The World’s Most Difficult Books – No Place on Earth, Part 3

September 3, 2012

Welcome back to my reread of the Guardian’s list of the world’s most difficult books. Previous entries can be found here. This is the third part of the No Place on Earth review in which I’ll be tackling pages 25-50.

What happens:

When we left them, Kleist and von Gunderrode were both attending an afternoon tea party, neither of them particularly enjoying it. They are aware of each other, sensing a kindred spirit, but have made no move to speak.

In pages 25-50, Kleist eavesdrops on a conversation between von Gunderrode and Clemens Bretano, the brother of her friend Bettine in which they discuss von Gunderrode’s character. This causes Kleist to reflect on his own relationship with his ex-fiancée Wilhelmine and how he did not have romantic feelings for her. He notes that he has a bad habit of reflecting on the past, or looking to the future rather than living in the present. Despite his sharing his dreams of death with his fiancé, they shared no emotional intimacy. Once again, Kleist touches on his feelings of depression and the choice he faces of allowing it to overpower him, or to deal with it and live a hum-drum boring existence.
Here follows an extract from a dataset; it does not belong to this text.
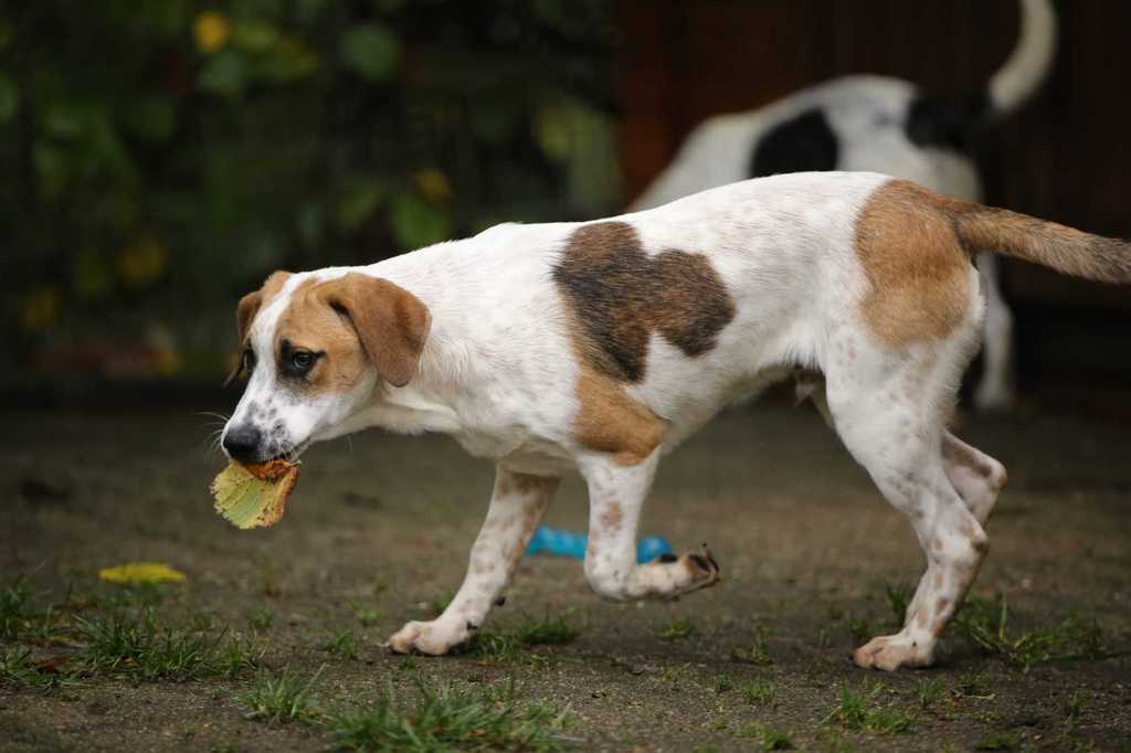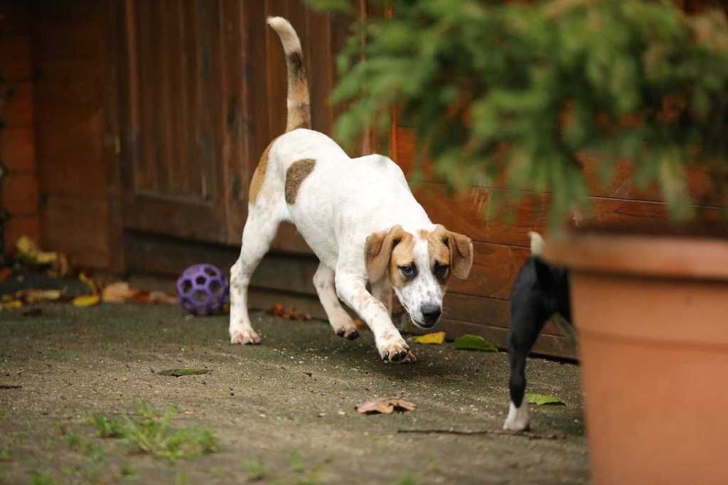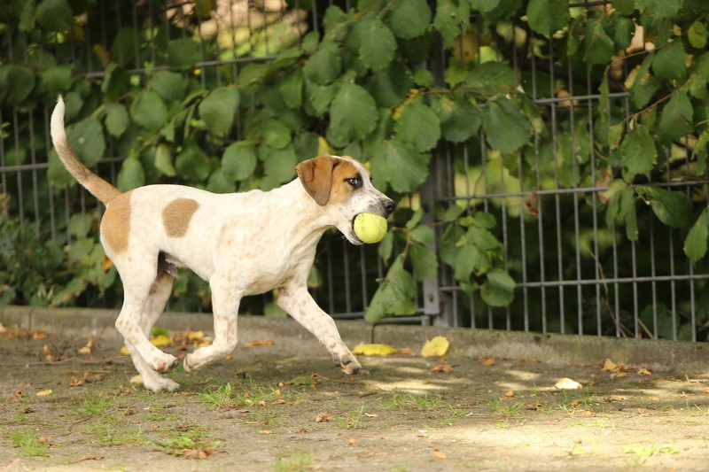 Pharo (mit braunen Flecken und Augenmaske) ist ein etwa 6 Monate junger Labrador-Mischlingswelpe. Der Rüde ist sehr verspielt und überaus menschbezogen. Ausgewachsen wird er eine Höhe von etwa 45 bis 50 cm erreichen.

Kleist is distracted by his friend Wedekind from falling into a panic attack. To distract him, they talk about Friedrich von Savigny, a man to whom, in Kleist’s opinion, everything in life falls easily. He thinks of an as-yet unwritten work which will offer a damning critique of his society.

They break for tea which leads into a von Gunderrode section. She, also, thinks of von Savigny, to whom she was once engaged to be married, and who is now married to her friend Gunda. Von Gunderrode feels as if the three of them are involved in a relationship, although in her view it is not she who is the third party, but the legally married Gunde. She discusses her writing with Clemens, saying that she writes what she feels as truth and expresses her feelings through writing. She speaks of these feelings as being loneliness and a sense of not belonging, but notes that her readers have not connected the feelings expressed in her poetry as being her own feelings. As she looks around the party, it becomes apparent to her that Kleist is looking isolated, that nobody other than Wedekind is making any attempt to draw him into the conversation.

Switching back to Kleist, he thinks on his friendship with Wedekind and how the latter’s care had helped him recover after his most recent nervous breakdown. Kleist makes it clear that despite the treatment, he still has suicidal feelings, and determines to end his own life.

As von Gunderrode walks across the room, a knife is let fall from her bag, which catches Kleist’s attention. He hands it back to her and notice that her friends are concerned that she always has it with her. Kleist’s friend, Wedekind, wishes to confiscate it as a threat to life, but von Gunderrode firmly but politely refuses. She thinks again about her relationship with von Savigny as is frustrated that in his eyes she should not approach him as intimately as she would like.

She sees Savigny start a conversation with Kleist and feels she must intervene as Kleist may be upset by Savigny. She approaches and they start to speak.


So, finally, our two protagonists speak! What strikes me most about their thoughts is that both value expressing their emotions through writing, although at this point von Kleist seems to be suffering writer’s block. Both are prey to deep, dark thoughts and have active thoughts of suicide.

During these pages both Kleist and von Gunderrode express frustrations with the expectations that society puts on them; Kleist is embarrassed by his inability to share intimacy with his fiancée as would be expected (an indication of his homosexuality as many scholars believe?), Gunderrode by being denied the right to express her feelings for Savigny publicly because he is married. In both cases they seem to experience this as almost a physical dissociation from the place they find themselves in.

This novel was first published in 1979, a time when Christa Wolf was feeling increasingly frustrated by the situation in the former East Germany. She was particularly affected by the revoking of the citizenship of writer Wolf Biermann a year or so prior to writing this book. The themes of literature and society and dissatisfaction with one’s society are beginning to come through here.